# Auth Info Code - ???



## flopspop (Oct 16, 2007)

I'm trying to move a domain that I bought from webnamesolutions to my hosting company, Netfirms. In order to do that, Netfirms tells me that I need the AUTH INFO CODE to complete the transfer. They say that webnamesolutions should provide me with that code, but after multiple requests, I have no code...

Can anyone tell me what that is and if there's a way to transfer a domain from one company to another without it?

By the way, I'm new to ecommerce, so if this is a silly question, please bear with me... and remember, there are no silly questions, only silly people!

thanks for any help!
Flopspop


----------



## Solmu (Aug 15, 2005)

As far as I know it's the new system for domain transfers, intended to add an extra layer of security.

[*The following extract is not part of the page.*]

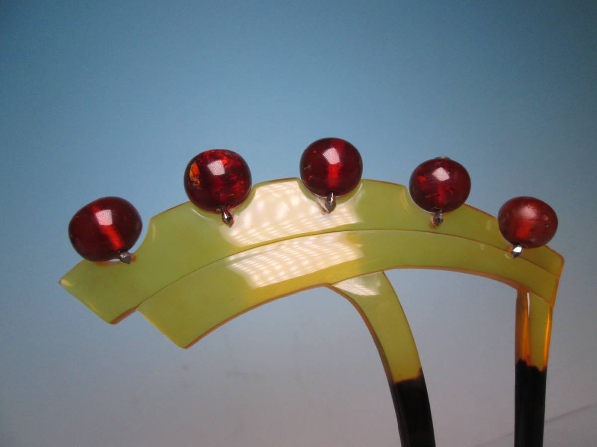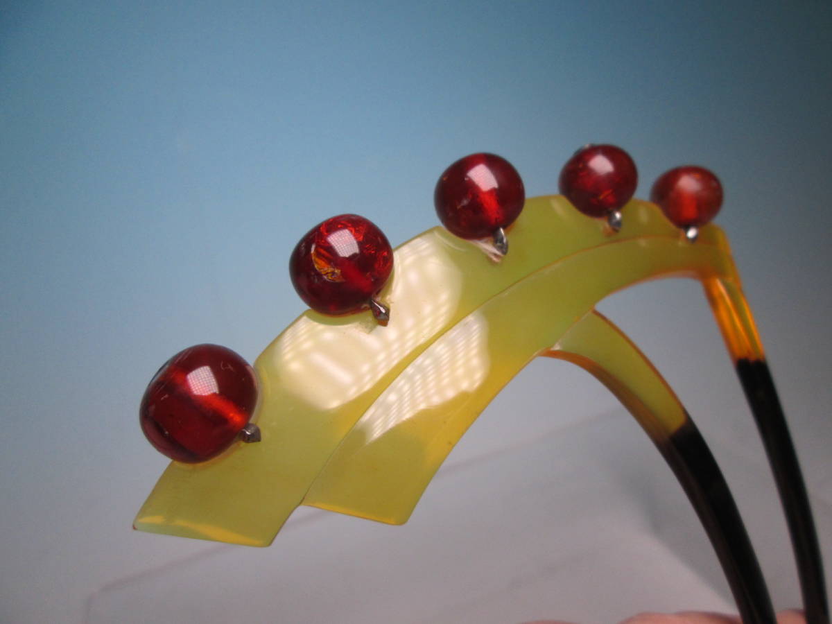 【江月】アンティーク・本鼈甲 天然琥珀玉飾りのかんざし 共ケース付
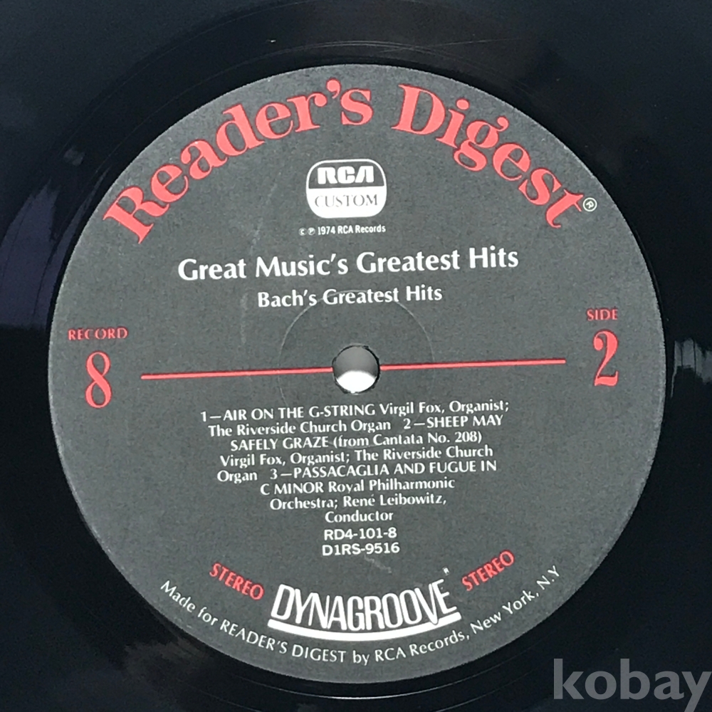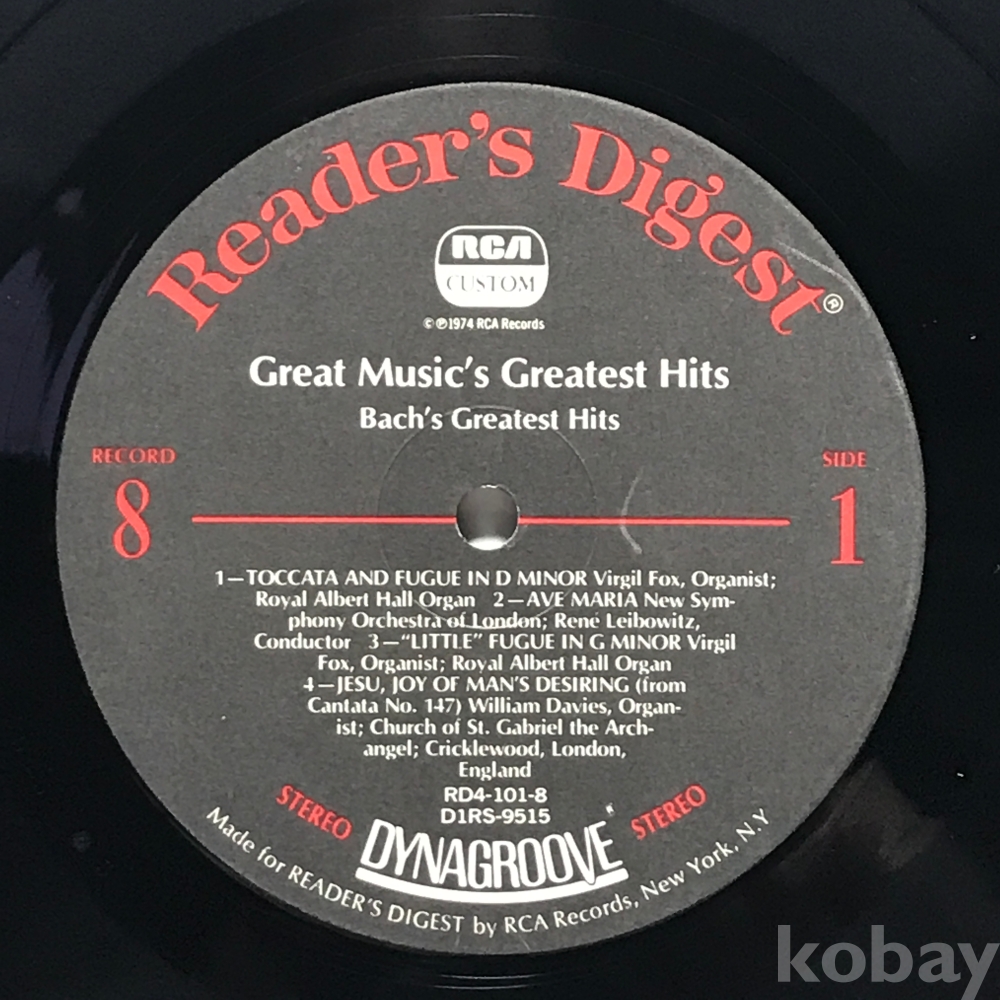 LP 83,623-198 Great Music's Greatest Hits Bach's Greatest Hits - -TOCCATA AND FUGUE IN D MINOR Virgil Fox . 자켓 無 알판 EX 74 년제작 수입반

I haven't actually had to transfer a domain since it was implemented. As far as I understand it, basically you request the code from your current registrar, then request a domain transfer from the new registrar, and put the auth code in there. It should all be automated: you should be able to log into a control panel with your current registrar and get the code.


----------



## queerrep (Jul 18, 2006)

Yes, I've been through this. You have to actually call your current web host to get the authorization code. They make you call so they can give you a guilt trip about taking your business away from them. They may offer you a lower rate to stay with them.  At least that was my experience with my old web host.


----------



## Rodney (Nov 3, 2004)

Also keep in mind that you don't need to TRANSFER the domain name in order to HOST the domain name at a new host.

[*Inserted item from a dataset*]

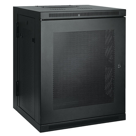 Tripp Lite’s SRW15US Wall Mount Rack Enclosure Cabinet is the ideal storage solution for standard rackmount equipment in applications with limited floor space. Constructed with a hinged wall mounting bracket and a sturdy steel frame, it can accommodate up to 225 lbs. of equipment in 15U of rack space. Four adjustable vertical mounting rails with square holes accommodate all standard 19-inch rack equipment. To allow easy access to rackmounted equipment, the enclosure cabinet is hinged to swing away from the wall mounting bracket. The SRW15US also features perforated lockable side panels and front door, assuring generous airflow to keep equipment operating safely. The front door is reversible and the side panels are removable for easy access to equipment. The top and bottom panels of the enclosure include convenient cable routing ports.

All you need to do to HOST the domain name at the new host netfirms is to login to webnamesolutions and change the NAMESERVERS to point to Netfirms servers.

But if you do WANT to change where you manage and pay for the domain name (that's what a transfer does), then you login to the webnamesolutions control panel and look for the authorization or EPP code. If you can't find it, call them and ask for it.

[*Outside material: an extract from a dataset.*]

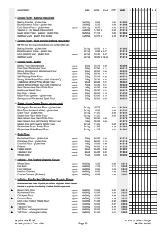 Descriptionsize price%u00a3/unitRRPcode123456789%u274aDoves Farm - baking requisitesBaking Powder - gluten-free5x130g 6.951.8541203Bicarbonate of Soda - gluten-free5x200g 6.351.6941208Corn Starch Flour - gluten-freeorganic5x110g 8.252.2041212Vitamin C - for bread improvement5x120g 17.50 V5.6041216Quick Dried Yeast - packet - gluten-free8x125g 11.101.8551085Xanthan Gum - gluten-free binder5x100g 13.10 V4.1941218%u274aDoves Farm - food service baking requisitesNB The four Doves products below are not for retail saleBaking Powder - gluten-free 3x1kg 18.506.1741305Bicarbonate of Soda - gluten-free 3x1kg 9.80 V3.2741310Corn Starch Flour - gluten-freeorganic 3x1kg 19.406.4741312Xanthan Gum 3x1kg 48.00 V16.0041315%u274aDoves Farm - sacksBarley Flour Stonegroundorganic 25kg 34.701.3940508Fine Plain Wholemeal Flourorganic 25kg 27.801.1140510Strong Stoneground Wholemeal Flourorganic 25kg 26.501.0640530Plain White Flourorganic 25kg 29.201.1740570Self Raising White Flourorganic 25kg 32.451.3040572Strong White Bread Flour (with Vitamin C)organic 25kg 30.301.2140555Traditional Strong White Bread Flourorganic 25kg 30.301.2140557Strong White Bread Flour (with Vitamin C)organic 16kg 19.401.2140558Sack Gluten-free Plain White Flourorganic 16kg 42.502.6640559Malthouse Bread Flourorganic 25kg 39.301.5740575Rye Flour - wholeorganic 25kg 29.501.1841030Maize Flour (yellow) - gluten-freeorganic 25kg 53.002.1240525Stoneground Wholemeal Spelt Flourorganic 25kg 50.852.0340527%u274aFreee - from Doves Farm - non-organicWholegrain Buckwheat Flour - gluten-free5x1kg 18.755.0051044Rice Flour (brown & white) - gluten-free5x1kg 9.202.4551037Gram Flour - gluten-free5x1kg 11.253.0051047Gluten-free Plain White Flour5x1kg 11.253.0051075Sack Gluten-free Plain White Flour 16kg 30.301.8951076Sack Gluten-free Self-Raising White Flour 16kg 30.301.8951074Gluten-free Self-Raising White Flour5x1kg 11.253.0051077Gluten-free Brown Bread Flour5x1kg 11.853.1651080Gluten-free White Bread Flour5x1kg 11.253.0051082%u274aBulk FlourBuckwheat Flour - gluten-freeorganic 25kg 64.002.5641015Chickpea Flour - gluten-freeorganic 25kg 68.002.7241016Coconut Flour - gluten-freeorganic 10kg 19.001.9041018Polentaorganic 25kg 54.002.1641026%u25b2Potato Starchorganic 25kg 95.003.8041027Tapioca Flourorganic 25kg 55.002.2041050Wheat Branorganic 15kg 18.001.2040520%u274aInfinity - Pre-Packed Organic FloursWheat Branorganic6x250g 4.250.953010Oat Branorganic6x500g 7.701.713038Fine Oatmealorganic6x500g 6.951.543040Medium Oatmealorganic6x500g 6.951.543045Coarse Oatmeal (Pinhead)organic6x500g 6.951.543050%u274aInfinity - Pre-Packed Gluten-free Organic FloursGuaranteed less than 20 parts per million of gluten. Batch tested.Packed in a gluten-free facility. Coeliac Society approved.%u25b2Brown Rice Flourorganic6x500g 13.503.003015Buckwheat Flourorganic6x500g 15.003.343020Chickpea Flourorganic6x500g 16.003.563022%u25b2Coconut Flourorganic6x500g 12.502.783023Corn Flour (yellow maize flour)organic6x500g 11.002.453025Polentaorganic6x500g 12.002.673052%u25b2Tapioca Flourorganic6x500g 12.502.793080Teff Flour - wholegrain brownorganic6x500g 20.004.443090%u25b2Teff Flour - wholegrain whiteorganic6x500g 21.004.673095%u25b2price rise %u25bcfall%u2748new product %u2752on offerPage 30%u272bsize or other change%u25c6offer ended

This was added recently as an extra layer of security so people can't steal your domain name away from you by transferring it to themselves without your permission.

Looking at the pricing at webnamesolutions.com ($25 per year for a domain name), you're definitely paying too much there, so it could be a good idea to transfer the domain to the lower priced netfirms.


----------



## Yofie (Nov 5, 2007)

You will have to log into your account at webnamesolutions.com . First Unlock the domain name. There should be a section with the EPP code and with many registrars, you will have to have the code emailed to the admins email addy or sometimes you have to call the CO to get it.

Just a tip as well, if you set the DNS (Domain Name Servers) before you transfer the domain, those will hold and it will not matter that it takes 5-7 days for the transfer.


----------



## flopspop (Oct 16, 2007)

Thanks to everyone for the responses, very helpful! Wish me luck!


----------